On efficient sensor scheduling for linear dynamical systems

  • Authors:
  • Michael P. Vitus;Wei Zhang;Alessandro Abate;Jianghai Hu;Claire J. Tomlin

  • Affiliations:
  • Department of Electrical Engineering and Computer Sciences, University of California at Berkeley, Berkeley, CA 94708, USA;Department of Electrical and Computer Engineering, Ohio State University, Columbus, OH 43210, USA;DCSC, Delft University of Technology, Delft, Netherlands;Department of Electrical and Computer Engineering, Purdue University, West Lafayette, IN 47906, USA;Department of Electrical Engineering and Computer Sciences, University of California at Berkeley, Berkeley, CA 94708, USA

  • Venue:
  • Automatica (Journal of IFAC)
  • Year:
  • 2012

Quantified Score

Hi-index 22.14

Visualization

Abstract

Consider a set of sensors estimating the state of a process in which only one of these sensors can operate at each time-step due to constraints on the overall system.
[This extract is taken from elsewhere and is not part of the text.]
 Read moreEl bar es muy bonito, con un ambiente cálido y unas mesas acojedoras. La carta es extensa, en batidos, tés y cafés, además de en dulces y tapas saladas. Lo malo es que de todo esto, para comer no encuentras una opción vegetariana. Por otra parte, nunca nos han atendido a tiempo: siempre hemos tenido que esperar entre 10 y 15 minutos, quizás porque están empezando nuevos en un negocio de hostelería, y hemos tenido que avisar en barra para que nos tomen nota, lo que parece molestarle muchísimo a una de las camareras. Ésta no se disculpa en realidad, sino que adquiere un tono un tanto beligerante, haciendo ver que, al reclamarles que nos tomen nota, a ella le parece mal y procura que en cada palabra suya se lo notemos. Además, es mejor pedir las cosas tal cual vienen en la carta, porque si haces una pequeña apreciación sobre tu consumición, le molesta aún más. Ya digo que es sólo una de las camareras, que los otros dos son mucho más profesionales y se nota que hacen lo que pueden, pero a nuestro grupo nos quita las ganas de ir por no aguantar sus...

The problem addressed here is to choose which sensor should operate at each time-step to minimize a weighted function of the error covariances of the state estimates. This work investigates the development of tractable algorithms to solve for the optimal and suboptimal sensor schedules. A condition on the non-optimality of an initialization of the schedule is developed. Using this condition, both an optimal and a suboptimal algorithm are devised to prune the search tree of all possible sensor schedules. The suboptimal algorithm trades off the quality of the solution and the complexity of the problem through a tuning parameter. The performance of the suboptimal algorithm is also investigated and an analytical error bound is provided. Numerical simulations are conducted to demonstrate the performance of the proposed algorithms, and the application of the algorithms in active robotic mapping is explored.